**Try it**. Pictures stay out of the copy. Transcribe exactly, and only, the line with "1. 떡국떡을 미지근한 물에 20분 담가 둔 뒤 물기를 뺀다." through the last line of the entries below.

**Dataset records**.

────────────────────────────────────────

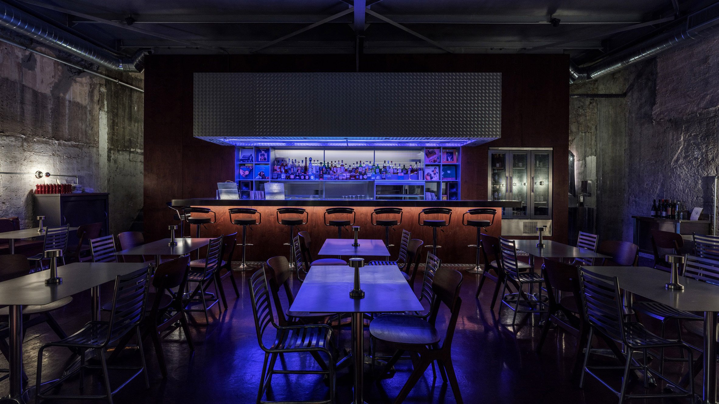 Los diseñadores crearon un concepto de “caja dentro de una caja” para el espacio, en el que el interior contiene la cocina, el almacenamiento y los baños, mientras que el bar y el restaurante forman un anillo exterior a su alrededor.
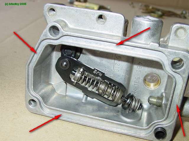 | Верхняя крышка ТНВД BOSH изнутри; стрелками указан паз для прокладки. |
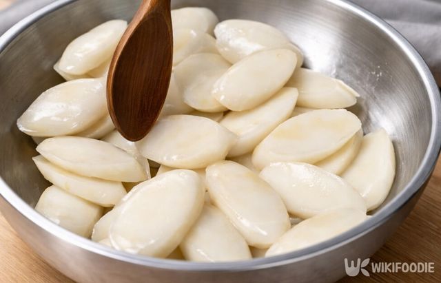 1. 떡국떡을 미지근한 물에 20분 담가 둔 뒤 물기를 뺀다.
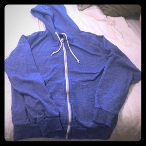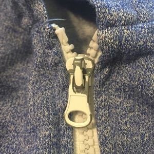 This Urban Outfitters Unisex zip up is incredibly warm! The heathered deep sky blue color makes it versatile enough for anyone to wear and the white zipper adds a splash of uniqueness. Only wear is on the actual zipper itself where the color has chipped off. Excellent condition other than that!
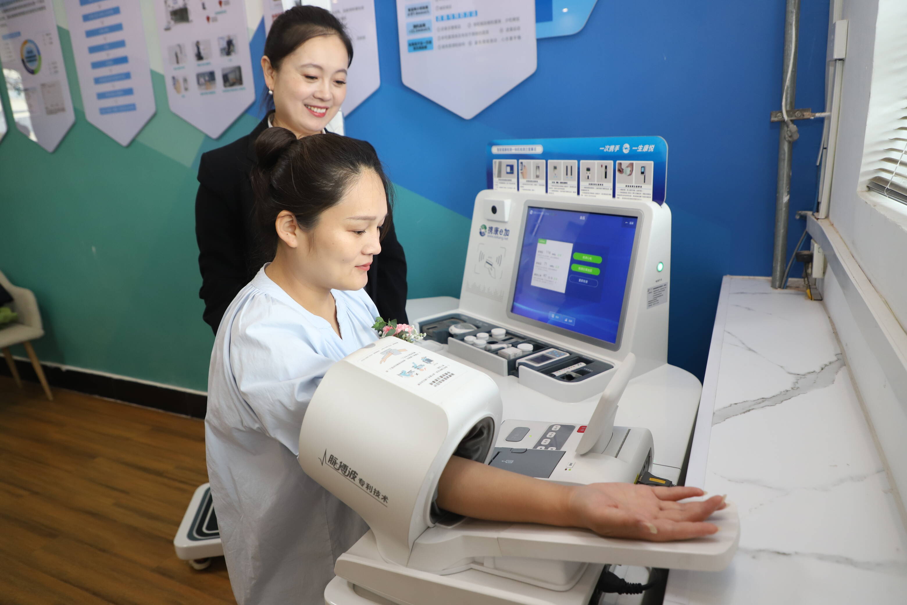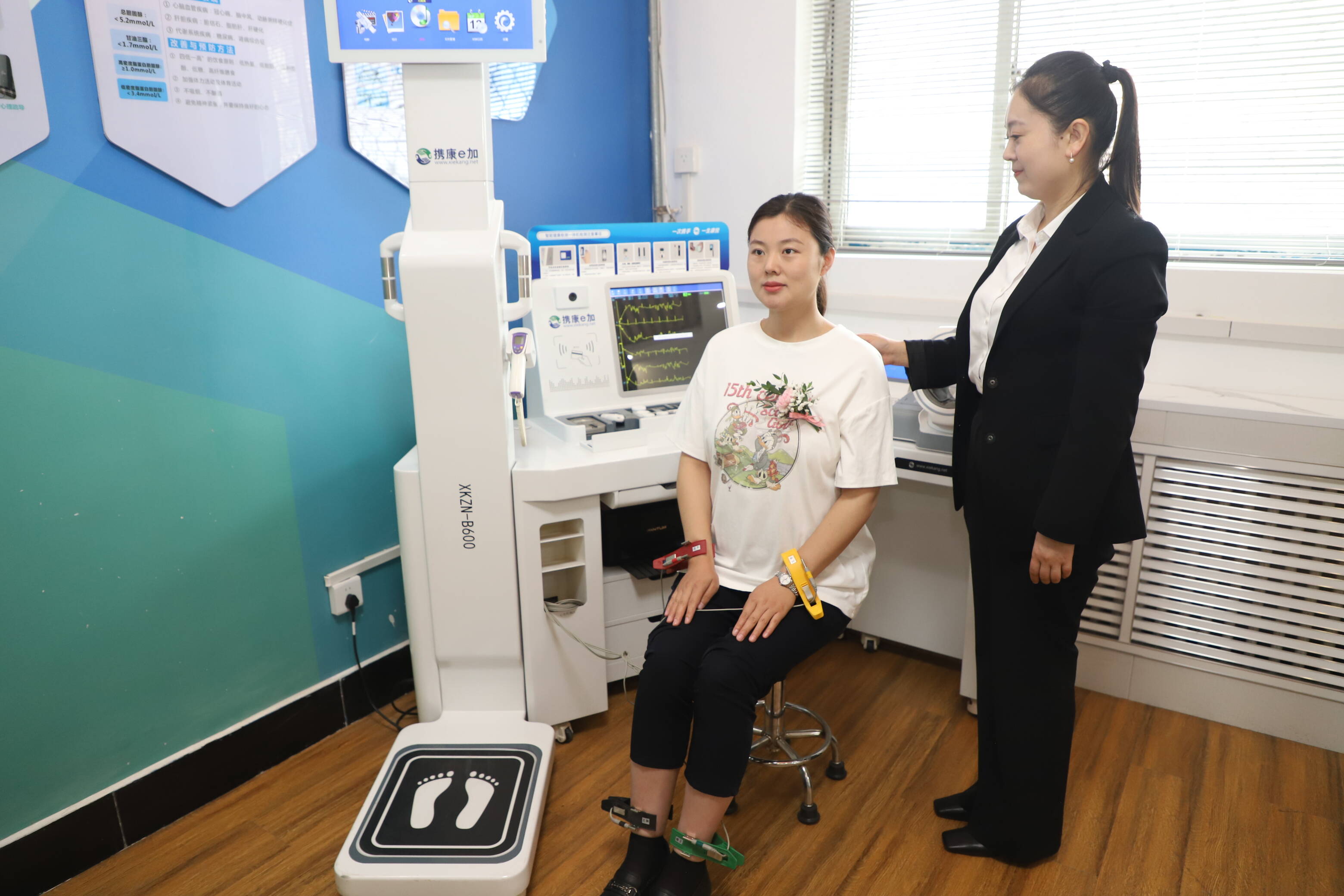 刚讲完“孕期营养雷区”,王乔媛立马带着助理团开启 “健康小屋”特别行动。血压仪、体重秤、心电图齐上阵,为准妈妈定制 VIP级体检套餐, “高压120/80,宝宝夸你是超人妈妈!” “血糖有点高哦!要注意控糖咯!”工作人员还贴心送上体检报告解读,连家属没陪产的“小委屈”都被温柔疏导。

────────────────────────────────────────

**Answer to this exercise**.
 1. 떡국떡을 미지근한 물에 20분 담가 둔 뒤 물기를 뺀다.
 This Urban Outfitters Unisex zip up is incredibly warm! The heathered deep sky blue color makes it versatile enough for anyone to wear and the white zipper adds a splash of uniqueness. Only wear is on the actual zipper itself where the color has chipped off. Excellent condition other than that!
 刚讲完“孕期营养雷区”,王乔媛立马带着助理团开启 “健康小屋”特别行动。血压仪、体重秤、心电图齐上阵,为准妈妈定制 VIP级体检套餐, “高压120/80,宝宝夸你是超人妈妈!” “血糖有点高哦!要注意控糖咯!”工作人员还贴心送上体检报告解读,连家属没陪产的“小委屈”都被温柔疏导。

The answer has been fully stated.